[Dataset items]
>>>

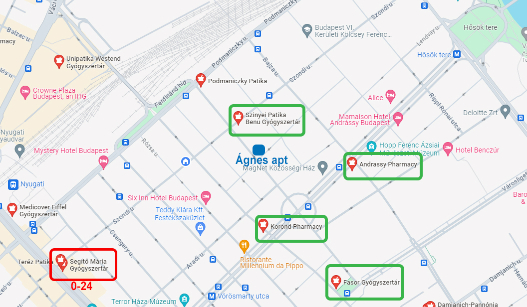 The attached picture shows a list of pharmacies in the area. The pharmacies in the green frame are open Monday to Saturday (normal opening hours), the pharmacy in the red frame is open 0-24.
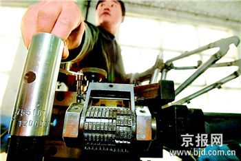 今天上午,北京自行車刻制編碼現(xiàn)場(chǎng)會(huì)在石景山舉行。在一家專門(mén)生產(chǎn)運(yùn)動(dòng)型自行車的企業(yè)廠房?jī)?nèi),記者看到,工人正使用刻碼機(jī)往自行車的前臉管或三通管上刻制15位的全國(guó)統(tǒng)一編碼。因15位編碼較長(zhǎng),所以均刻制成雙層。企業(yè)負(fù)責(zé)人告訴記者,編碼的前4位是向編碼管理部門(mén)申請(qǐng)的企業(yè)代碼,后面則是車種、流水線等號(hào)碼。
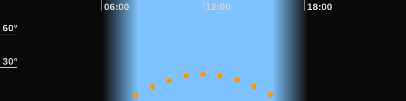 | Höchster Stand (Kulmination) | 12:03 Uhr (h = 23,8°) |
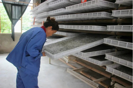 技術(shù)員在小蠶共育室查看小蠶培育情況
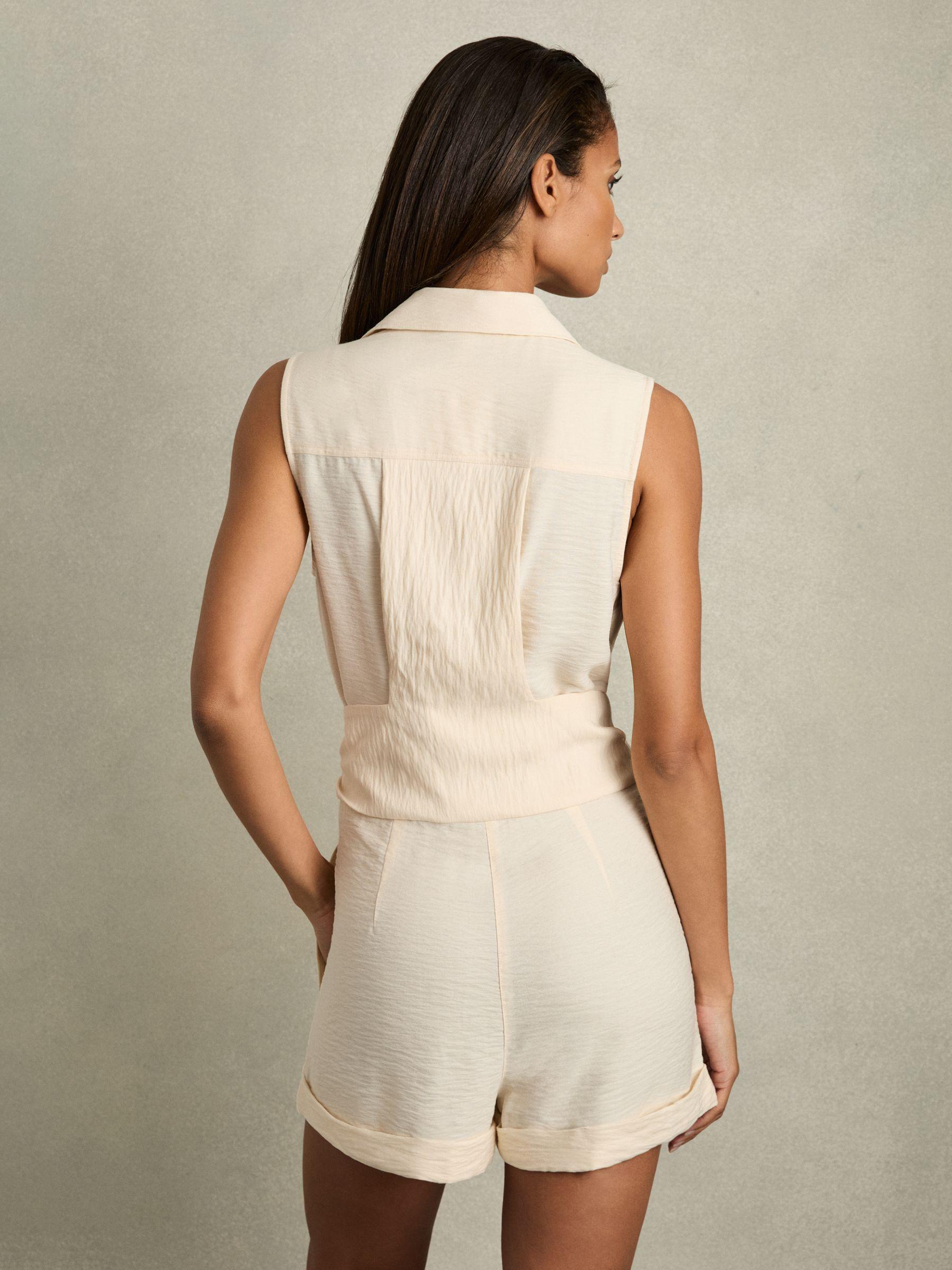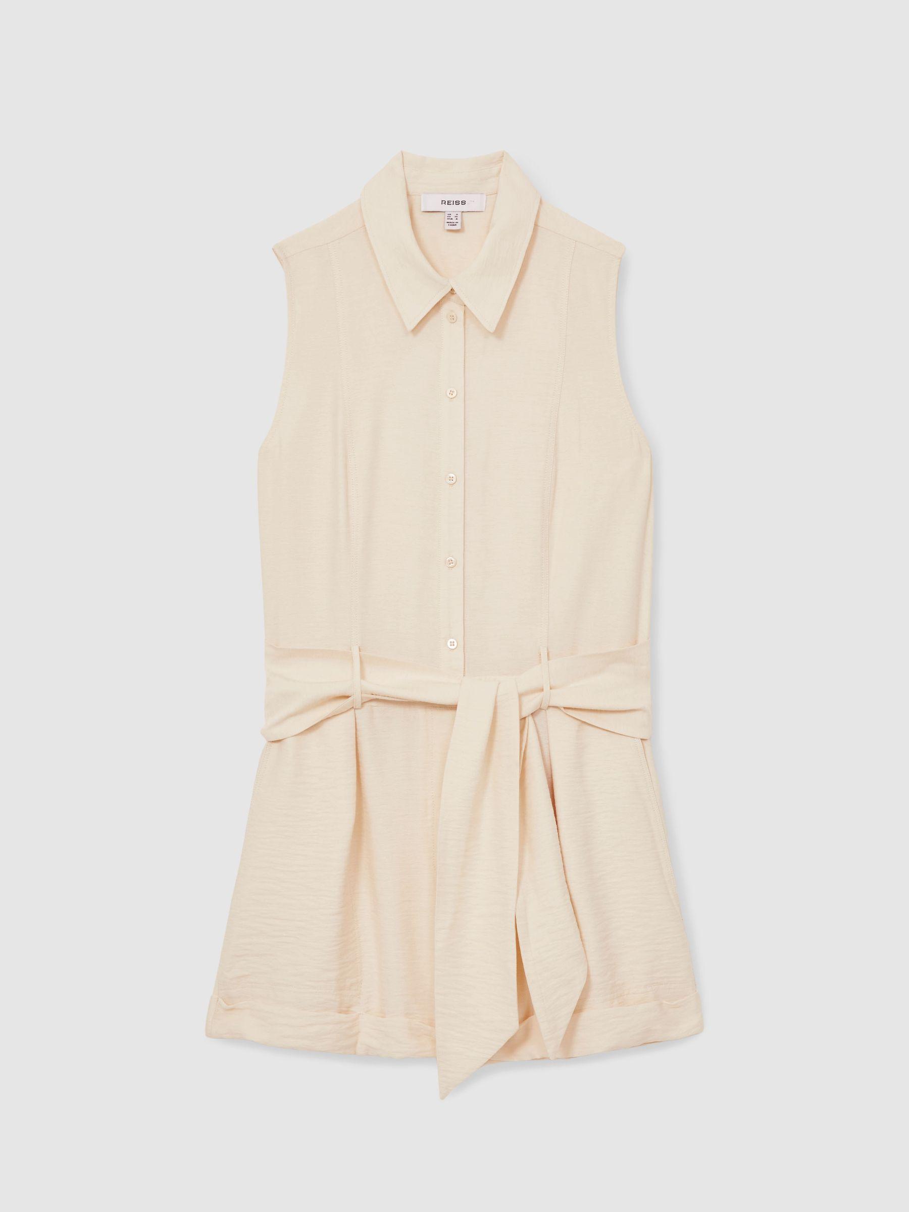 The airy, lightweight nature of the Millie playsuit makes it the perfect piece to slip on over swimwear. A self-tie belt cinches at the waist, whilst front pleats are a flattering touch. Wrinkle-effect lightweight. fabric. Self-tie belt. Front pleats. Side slip pockets. Turn-up hems. Front button placket.
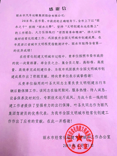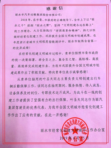 信中還特別表揚了從集團公司抽用的葉圣天同志,在工作中服務熱情、待人誠懇、設備保養及時到位、專職技術運斤成風,為戰斗在一線的創建工作者提供了堅強有力的出行保障。葉圣天同志作為麗汽集團抽用的、主要負責文明創建出行車輛后勤保障工作的優秀駕駛員代表,為我市全國文明城市經常化創建工作作出了應有的貢獻。
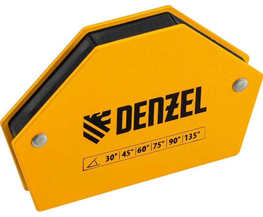 Фиксатор магнитный Denzel 97552 выдерживает усилие 25 LB (11 кг), позволяет соединять металлические детали разного размера под углом 30°, 45°, 60°, 75°, 90° и 135° и используется при проведении сварочных работ.
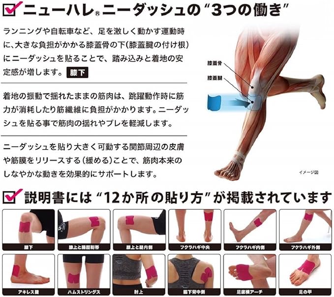 New-HALE(ニューハレ) テーピング テープ プレカットタイプ すぐ貼れるシリーズ ニ―ダッシュ 6枚入り
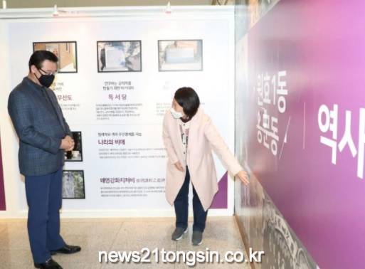 성장현 용산구청장이 12월 21일 용산아트홀 전시실에서 열린 ‘2021년 용산 지역사기록사업 전시회’에 참석했다.
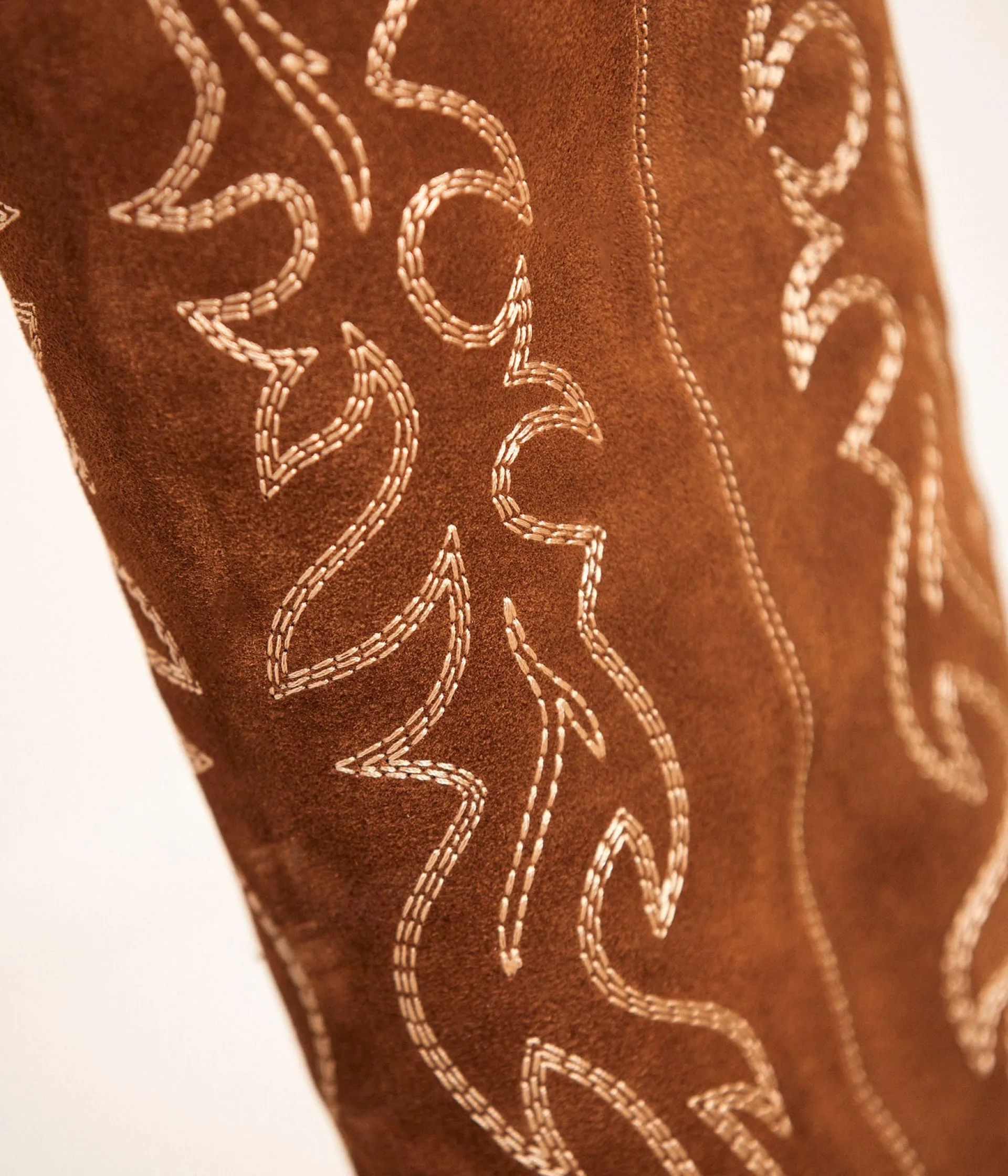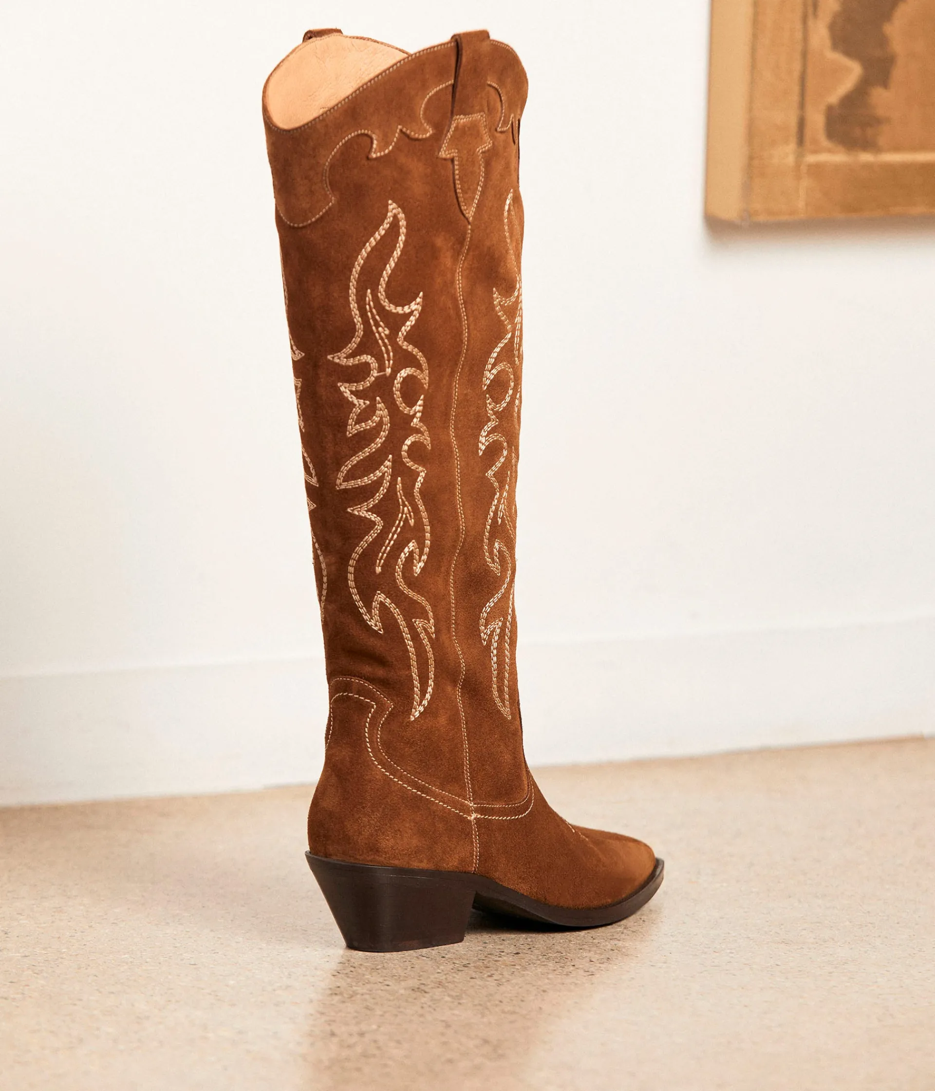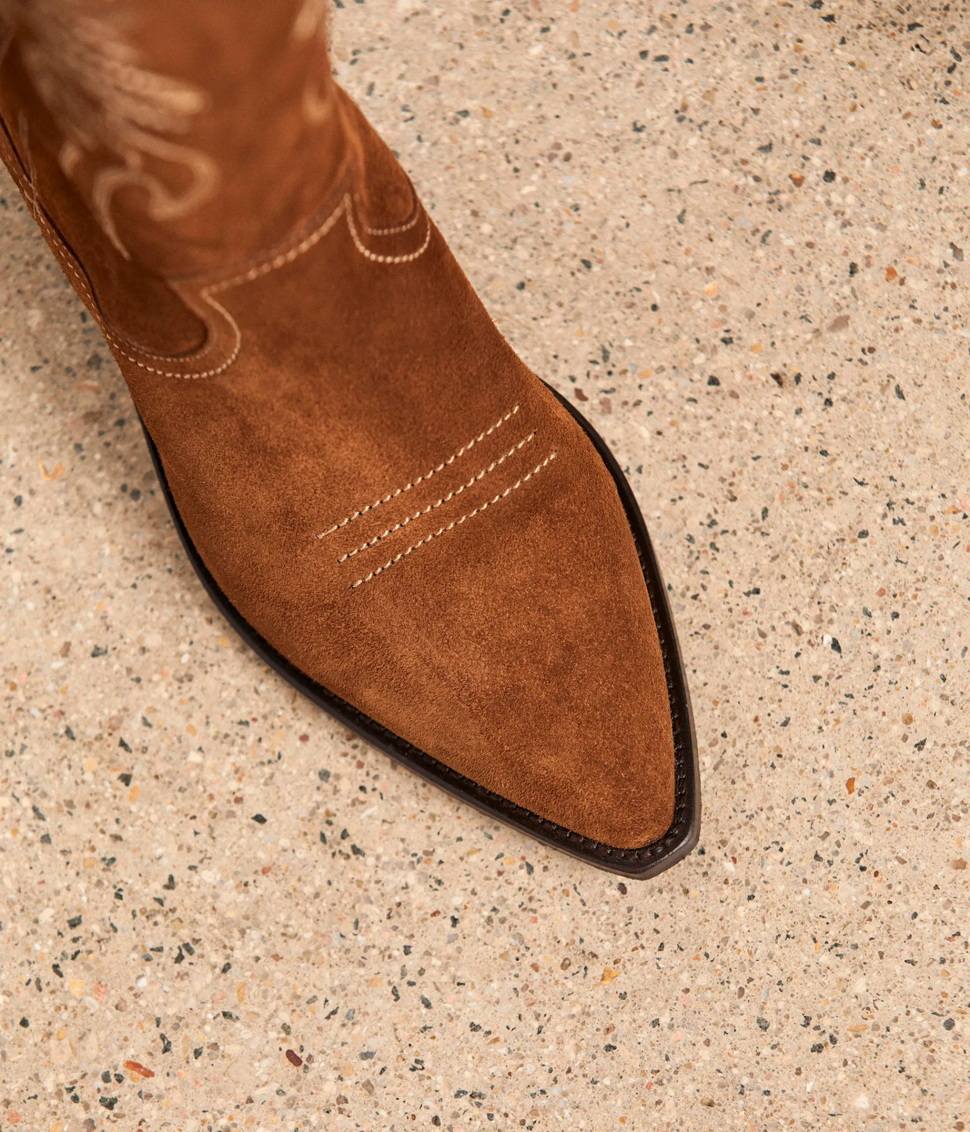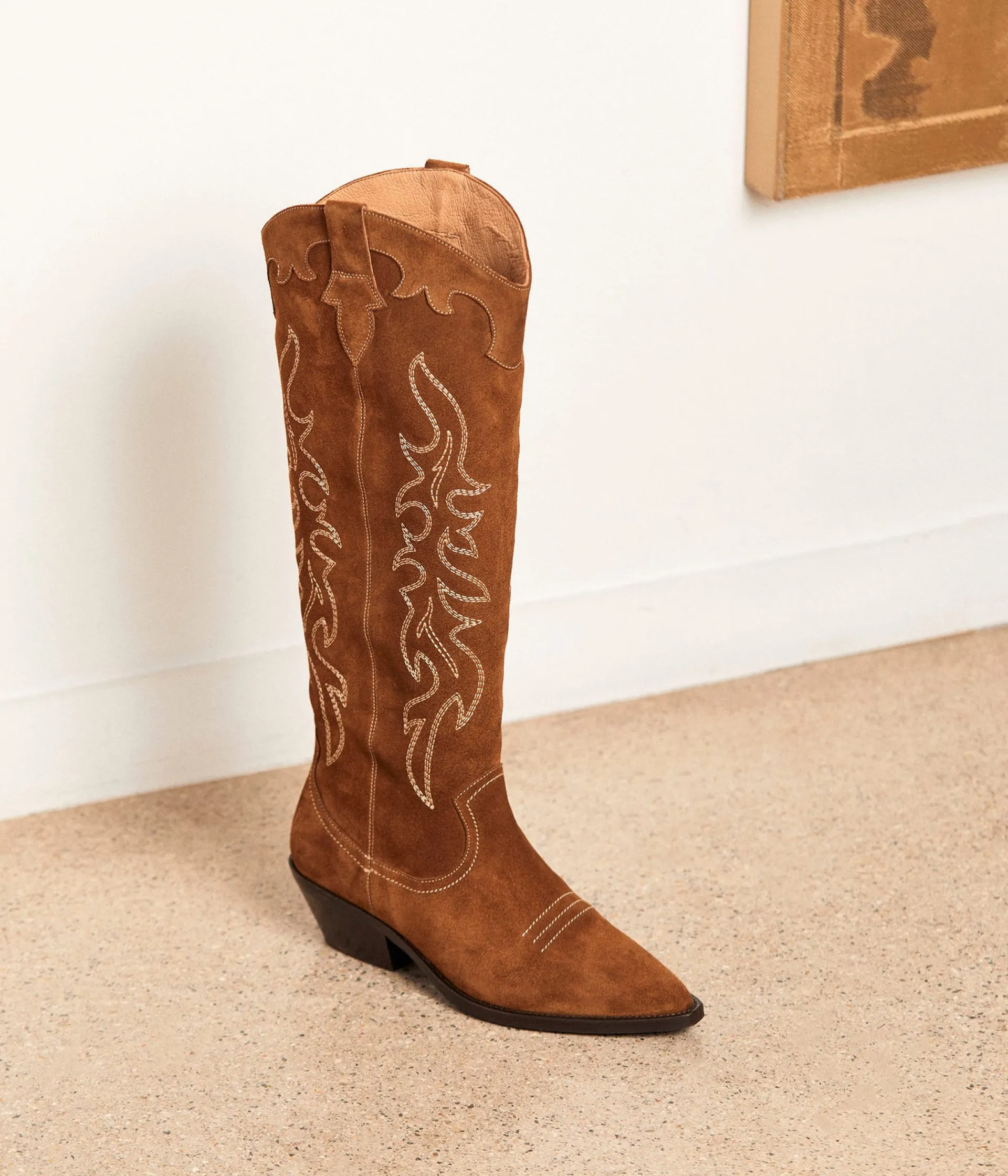 On les voit. On l’entend. Quoi donc ? La guitare acoustique, pardi ! Pas besoin de chapeau de cow-boy ni de savoir danser la Country, pour oser les bottes Tokyo. Sublimes dans leur cuir velours coloris tabac, elles séduisent par leurs surpiqûres contrastées, leur bout pointu et leur talon biseauté.

<<<

Exercise goal. Exact reproduction of the entries above is what's needed; images stay out.

Worked solution.
 The attached picture shows a list of pharmacies in the area. The pharmacies in the green frame are open Monday to Saturday (normal opening hours), the pharmacy in the red frame is open 0-24.
 今天上午,北京自行車刻制編碼現(xiàn)場(chǎng)會(huì)在石景山舉行。在一家專門(mén)生產(chǎn)運(yùn)動(dòng)型自行車的企業(yè)廠房?jī)?nèi),記者看到,工人正使用刻碼機(jī)往自行車的前臉管或三通管上刻制15位的全國(guó)統(tǒng)一編碼。因15位編碼較長(zhǎng),所以均刻制成雙層。企業(yè)負(fù)責(zé)人告訴記者,編碼的前4位是向編碼管理部門(mén)申請(qǐng)的企業(yè)代碼,后面則是車種、流水線等號(hào)碼。
 | Höchster Stand (Kulmination) | 12:03 Uhr (h = 23,8°) |
 技術(shù)員在小蠶共育室查看小蠶培育情況
 The airy, lightweight nature of the Millie playsuit makes it the perfect piece to slip on over swimwear. A self-tie belt cinches at the waist, whilst front pleats are a flattering touch. Wrinkle-effect lightweight. fabric. Self-tie belt. Front pleats. Side slip pockets. Turn-up hems. Front button placket.
 信中還特別表揚了從集團公司抽用的葉圣天同志,在工作中服務熱情、待人誠懇、設備保養及時到位、專職技術運斤成風,為戰斗在一線的創建工作者提供了堅強有力的出行保障。葉圣天同志作為麗汽集團抽用的、主要負責文明創建出行車輛后勤保障工作的優秀駕駛員代表,為我市全國文明城市經常化創建工作作出了應有的貢獻。
 Фиксатор магнитный Denzel 97552 выдерживает усилие 25 LB (11 кг), позволяет соединять металлические детали разного размера под углом 30°, 45°, 60°, 75°, 90° и 135° и используется при проведении сварочных работ.
 New-HALE(ニューハレ) テーピング テープ プレカットタイプ すぐ貼れるシリーズ ニ―ダッシュ 6枚入り
 성장현 용산구청장이 12월 21일 용산아트홀 전시실에서 열린 ‘2021년 용산 지역사기록사업 전시회’에 참석했다.
 On les voit. On l’entend. Quoi donc ? La guitare acoustique, pardi ! Pas besoin de chapeau de cow-boy ni de savoir danser la Country, pour oser les bottes Tokyo. Sublimes dans leur cuir velours coloris tabac, elles séduisent par leurs surpiqûres contrastées, leur bout pointu et leur talon biseauté.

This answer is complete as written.